The problem
The listing below holds a line with "Este vibrante y" and a later line with "Midjourney Bot 更新时间:2023-08-29". Write out those two lines and every line between them, exactly, and nothing else.

Entries shown
- Opening Delimiter -

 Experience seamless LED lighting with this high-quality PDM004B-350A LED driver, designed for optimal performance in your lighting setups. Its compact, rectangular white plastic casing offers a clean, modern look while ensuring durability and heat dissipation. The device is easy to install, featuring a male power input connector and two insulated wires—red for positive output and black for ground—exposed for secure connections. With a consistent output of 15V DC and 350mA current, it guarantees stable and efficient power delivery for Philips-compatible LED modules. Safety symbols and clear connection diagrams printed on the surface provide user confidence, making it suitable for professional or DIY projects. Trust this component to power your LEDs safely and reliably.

- Closing Delimiter -
- Opening Delimiter -

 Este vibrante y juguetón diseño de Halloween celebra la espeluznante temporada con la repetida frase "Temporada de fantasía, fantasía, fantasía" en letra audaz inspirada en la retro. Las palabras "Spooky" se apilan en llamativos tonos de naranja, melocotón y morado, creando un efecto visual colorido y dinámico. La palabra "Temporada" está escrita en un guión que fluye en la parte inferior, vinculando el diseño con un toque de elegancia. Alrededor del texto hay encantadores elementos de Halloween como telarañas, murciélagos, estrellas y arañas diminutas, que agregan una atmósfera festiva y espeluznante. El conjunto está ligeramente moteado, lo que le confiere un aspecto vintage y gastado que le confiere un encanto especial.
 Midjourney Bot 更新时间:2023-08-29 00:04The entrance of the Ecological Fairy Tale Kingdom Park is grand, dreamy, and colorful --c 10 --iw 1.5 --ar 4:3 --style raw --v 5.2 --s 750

- Closing Delimiter -
- Opening Delimiter -

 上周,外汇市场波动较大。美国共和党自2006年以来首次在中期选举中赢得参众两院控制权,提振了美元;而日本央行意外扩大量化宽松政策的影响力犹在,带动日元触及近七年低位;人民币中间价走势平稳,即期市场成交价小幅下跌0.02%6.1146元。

- Closing Delimiter -

Your response
 Este vibrante y juguetón diseño de Halloween celebra la espeluznante temporada con la repetida frase "Temporada de fantasía, fantasía, fantasía" en letra audaz inspirada en la retro. Las palabras "Spooky" se apilan en llamativos tonos de naranja, melocotón y morado, creando un efecto visual colorido y dinámico. La palabra "Temporada" está escrita en un guión que fluye en la parte inferior, vinculando el diseño con un toque de elegancia. Alrededor del texto hay encantadores elementos de Halloween como telarañas, murciélagos, estrellas y arañas diminutas, que agregan una atmósfera festiva y espeluznante. El conjunto está ligeramente moteado, lo que le confiere un aspecto vintage y gastado que le confiere un encanto especial.
 Midjourney Bot 更新时间:2023-08-29 00:04The entrance of the Ecological Fairy Tale Kingdom Park is grand, dreamy, and colorful --c 10 --iw 1.5 --ar 4:3 --style raw --v 5.2 --s 750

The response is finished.